» **Available data**
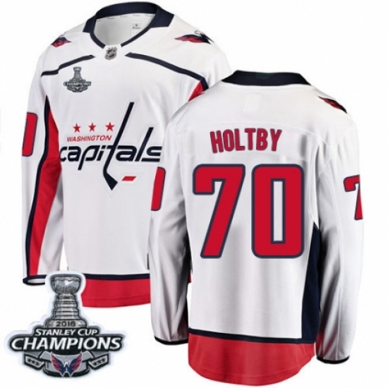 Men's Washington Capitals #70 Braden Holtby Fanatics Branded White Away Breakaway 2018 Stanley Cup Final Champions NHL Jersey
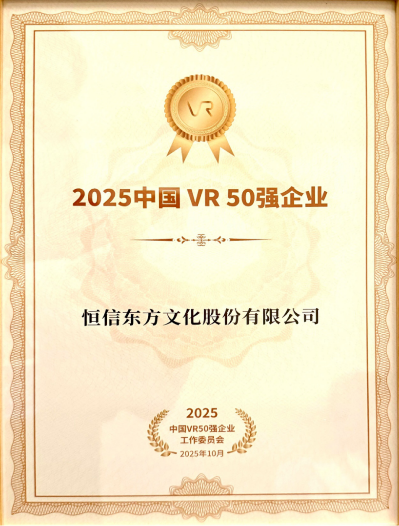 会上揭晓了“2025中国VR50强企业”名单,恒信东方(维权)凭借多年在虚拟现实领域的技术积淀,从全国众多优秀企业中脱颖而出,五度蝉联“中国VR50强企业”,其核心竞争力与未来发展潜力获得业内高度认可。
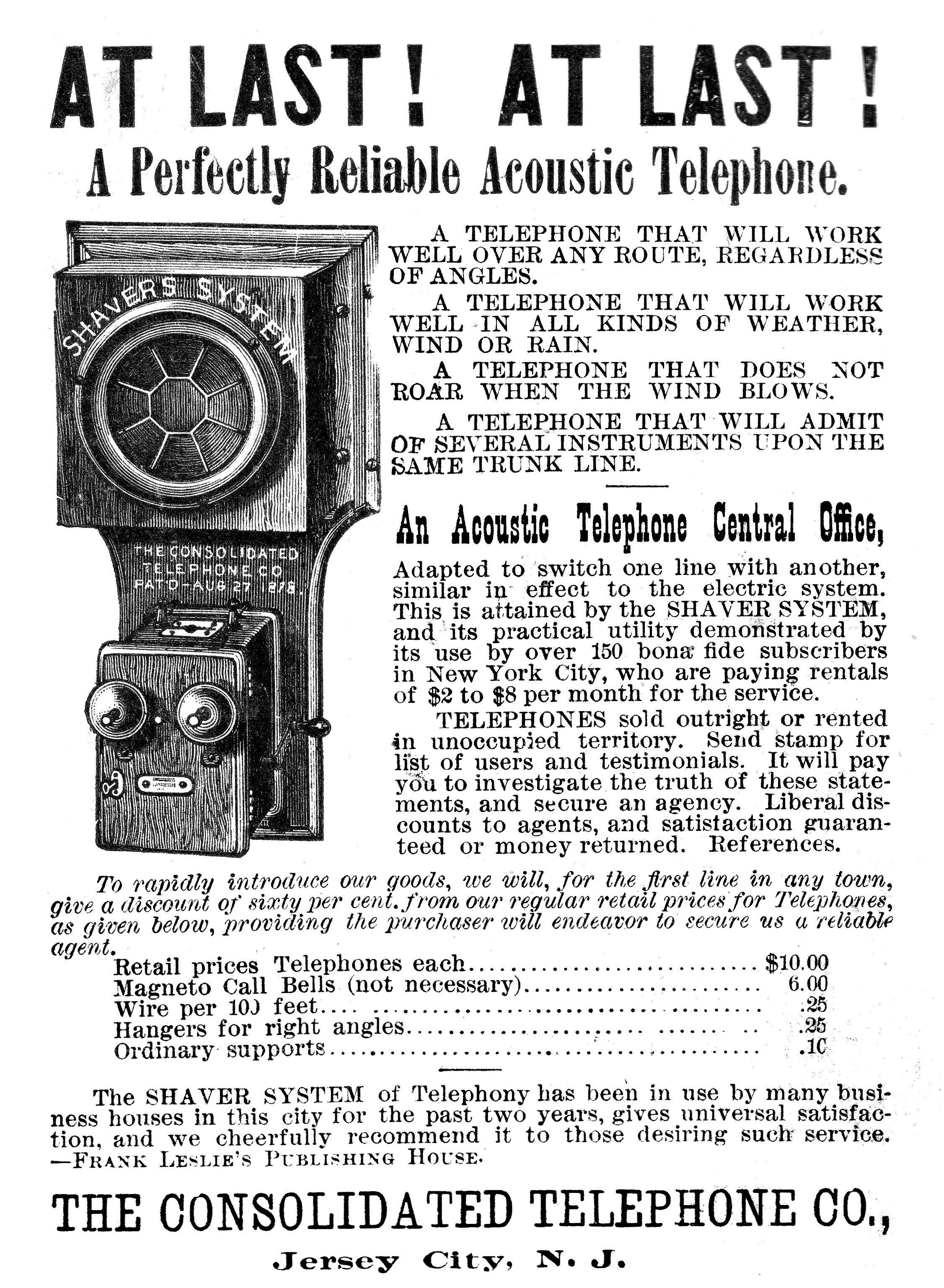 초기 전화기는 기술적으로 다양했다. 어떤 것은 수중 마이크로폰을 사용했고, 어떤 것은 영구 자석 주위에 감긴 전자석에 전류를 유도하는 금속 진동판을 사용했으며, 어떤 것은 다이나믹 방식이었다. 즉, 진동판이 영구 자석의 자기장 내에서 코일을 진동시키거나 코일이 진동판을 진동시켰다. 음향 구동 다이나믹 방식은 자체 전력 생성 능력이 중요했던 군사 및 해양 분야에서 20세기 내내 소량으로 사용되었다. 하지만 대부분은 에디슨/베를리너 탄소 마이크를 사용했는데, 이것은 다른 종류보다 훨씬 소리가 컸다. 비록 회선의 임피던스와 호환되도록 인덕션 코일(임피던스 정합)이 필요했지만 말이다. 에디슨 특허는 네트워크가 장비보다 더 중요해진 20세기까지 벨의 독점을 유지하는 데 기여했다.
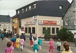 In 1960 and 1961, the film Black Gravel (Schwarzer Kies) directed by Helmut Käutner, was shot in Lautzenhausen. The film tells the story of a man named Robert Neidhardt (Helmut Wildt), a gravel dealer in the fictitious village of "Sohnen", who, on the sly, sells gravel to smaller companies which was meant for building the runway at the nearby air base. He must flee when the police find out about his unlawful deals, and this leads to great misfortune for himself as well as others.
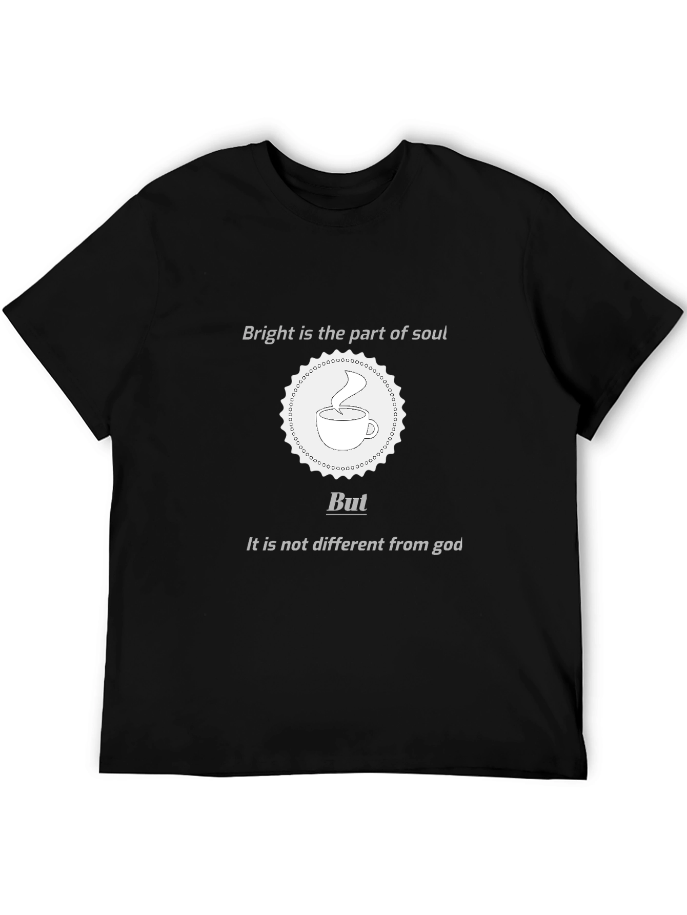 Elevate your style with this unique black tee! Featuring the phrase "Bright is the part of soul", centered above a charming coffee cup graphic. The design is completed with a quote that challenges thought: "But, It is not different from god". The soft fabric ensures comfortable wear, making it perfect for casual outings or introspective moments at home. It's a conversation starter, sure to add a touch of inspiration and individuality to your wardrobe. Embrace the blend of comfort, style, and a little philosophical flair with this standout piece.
* * *
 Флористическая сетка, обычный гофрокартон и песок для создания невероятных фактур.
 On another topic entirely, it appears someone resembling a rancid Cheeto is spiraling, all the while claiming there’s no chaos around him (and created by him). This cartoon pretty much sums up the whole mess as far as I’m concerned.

» **Exercise instructions**
Above are the records. Copy word for word only their lines from the one holding "Men's Washington Capitals" through the one holding "초기 전화기는 기술적으로", both included, and skip the images.

» **Result**
 Men's Washington Capitals #70 Braden Holtby Fanatics Branded White Away Breakaway 2018 Stanley Cup Final Champions NHL Jersey
 会上揭晓了“2025中国VR50强企业”名单,恒信东方(维权)凭借多年在虚拟现实领域的技术积淀,从全国众多优秀企业中脱颖而出,五度蝉联“中国VR50强企业”,其核心竞争力与未来发展潜力获得业内高度认可。
 초기 전화기는 기술적으로 다양했다. 어떤 것은 수중 마이크로폰을 사용했고, 어떤 것은 영구 자석 주위에 감긴 전자석에 전류를 유도하는 금속 진동판을 사용했으며, 어떤 것은 다이나믹 방식이었다. 즉, 진동판이 영구 자석의 자기장 내에서 코일을 진동시키거나 코일이 진동판을 진동시켰다. 음향 구동 다이나믹 방식은 자체 전력 생성 능력이 중요했던 군사 및 해양 분야에서 20세기 내내 소량으로 사용되었다. 하지만 대부분은 에디슨/베를리너 탄소 마이크를 사용했는데, 이것은 다른 종류보다 훨씬 소리가 컸다. 비록 회선의 임피던스와 호환되도록 인덕션 코일(임피던스 정합)이 필요했지만 말이다. 에디슨 특허는 네트워크가 장비보다 더 중요해진 20세기까지 벨의 독점을 유지하는 데 기여했다.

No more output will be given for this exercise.